» **Description of the task**
Only the lines below from the one containing "Adres Defterine kayıtlı" through the one containing "栄養成分: 100g当たり ●エネルギー:354kcal" belong in the answer, repeated exactly and without pictures.

» **Supplied data**
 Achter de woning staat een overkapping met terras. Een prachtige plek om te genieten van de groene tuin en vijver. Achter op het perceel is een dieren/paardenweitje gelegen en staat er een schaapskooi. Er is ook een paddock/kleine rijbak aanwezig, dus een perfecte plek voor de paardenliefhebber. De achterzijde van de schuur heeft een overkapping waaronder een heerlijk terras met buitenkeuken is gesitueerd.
==
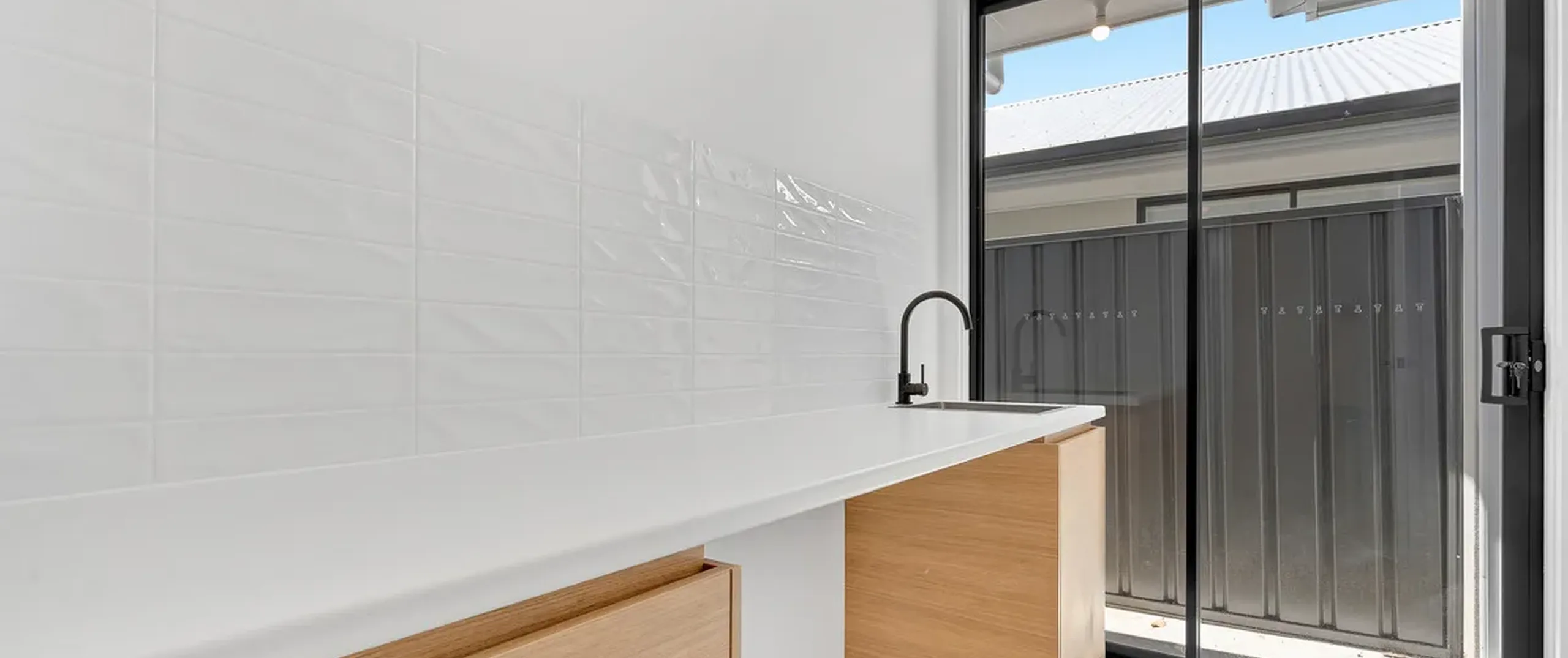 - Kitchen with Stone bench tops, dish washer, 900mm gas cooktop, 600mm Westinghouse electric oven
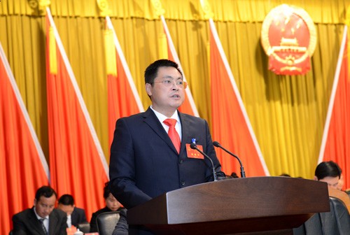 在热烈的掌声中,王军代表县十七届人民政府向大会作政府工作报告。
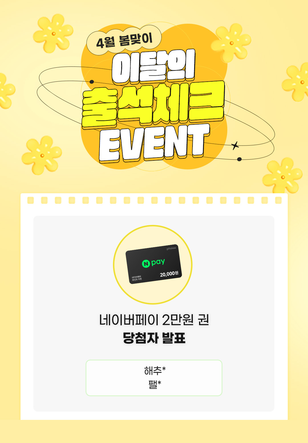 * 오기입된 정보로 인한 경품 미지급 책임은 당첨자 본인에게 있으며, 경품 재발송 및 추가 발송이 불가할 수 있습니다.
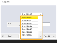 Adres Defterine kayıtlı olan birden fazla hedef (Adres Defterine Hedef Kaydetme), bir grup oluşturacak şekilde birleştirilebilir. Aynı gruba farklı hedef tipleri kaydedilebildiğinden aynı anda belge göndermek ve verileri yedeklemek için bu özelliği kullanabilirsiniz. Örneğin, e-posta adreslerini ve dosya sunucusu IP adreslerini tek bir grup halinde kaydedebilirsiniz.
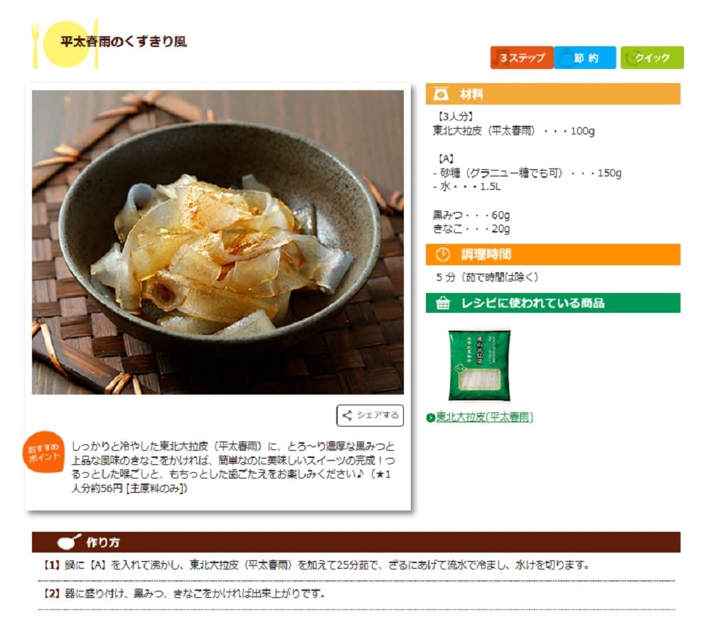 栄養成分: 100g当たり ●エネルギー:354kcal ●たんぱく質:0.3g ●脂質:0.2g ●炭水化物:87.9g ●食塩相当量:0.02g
==
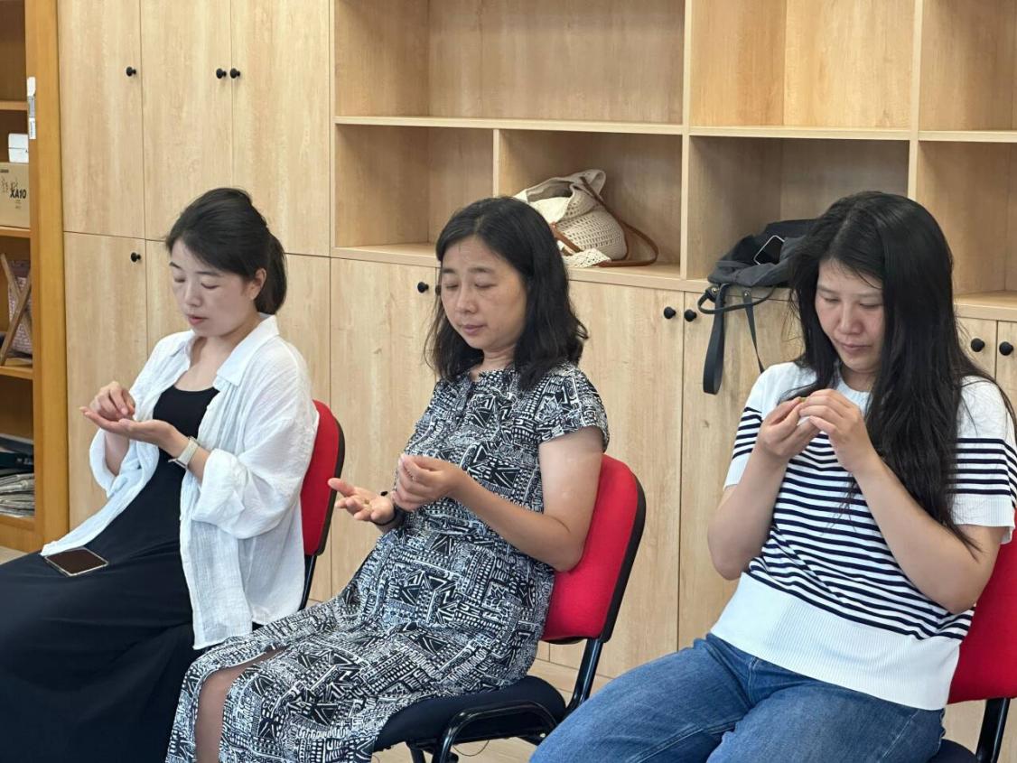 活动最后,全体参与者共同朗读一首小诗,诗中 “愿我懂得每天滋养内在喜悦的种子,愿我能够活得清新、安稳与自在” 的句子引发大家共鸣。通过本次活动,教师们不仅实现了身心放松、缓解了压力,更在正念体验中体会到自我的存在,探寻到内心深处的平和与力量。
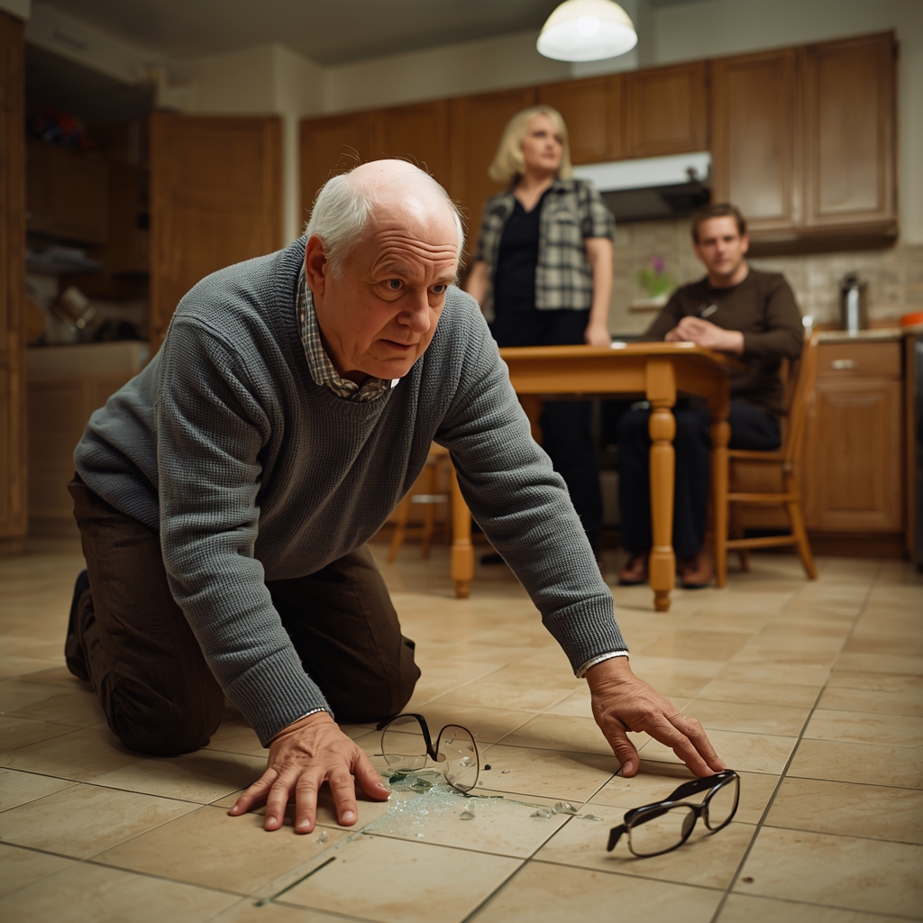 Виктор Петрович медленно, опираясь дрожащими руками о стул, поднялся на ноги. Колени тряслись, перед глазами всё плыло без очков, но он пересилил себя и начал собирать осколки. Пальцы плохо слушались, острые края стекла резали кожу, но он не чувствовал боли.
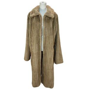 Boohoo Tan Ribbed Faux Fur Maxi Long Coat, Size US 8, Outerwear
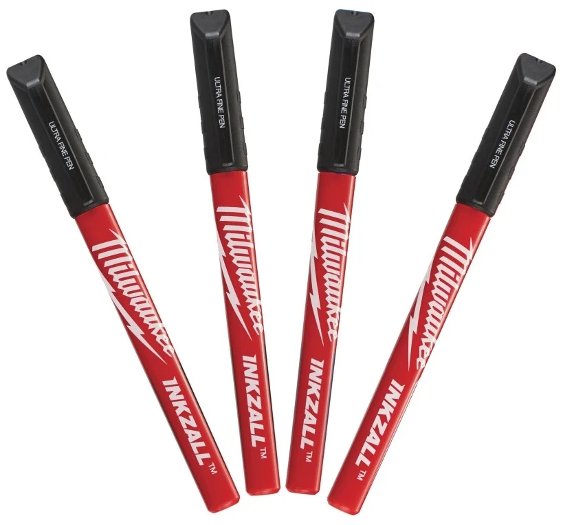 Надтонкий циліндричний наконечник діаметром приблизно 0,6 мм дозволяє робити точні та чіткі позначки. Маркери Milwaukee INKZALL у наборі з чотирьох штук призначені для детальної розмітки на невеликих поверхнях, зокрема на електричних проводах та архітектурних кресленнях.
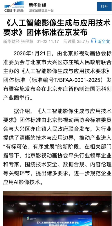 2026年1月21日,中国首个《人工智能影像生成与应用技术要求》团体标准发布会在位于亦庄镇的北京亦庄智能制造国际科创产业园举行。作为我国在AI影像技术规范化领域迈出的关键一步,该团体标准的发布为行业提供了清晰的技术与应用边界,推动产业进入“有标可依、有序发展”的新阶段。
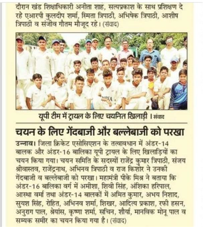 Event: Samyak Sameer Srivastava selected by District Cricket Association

» **Result**
 Adres Defterine kayıtlı olan birden fazla hedef (Adres Defterine Hedef Kaydetme), bir grup oluşturacak şekilde birleştirilebilir. Aynı gruba farklı hedef tipleri kaydedilebildiğinden aynı anda belge göndermek ve verileri yedeklemek için bu özelliği kullanabilirsiniz. Örneğin, e-posta adreslerini ve dosya sunucusu IP adreslerini tek bir grup halinde kaydedebilirsiniz.
 栄養成分: 100g当たり ●エネルギー:354kcal ●たんぱく質:0.3g ●脂質:0.2g ●炭水化物:87.9g ●食塩相当量:0.02g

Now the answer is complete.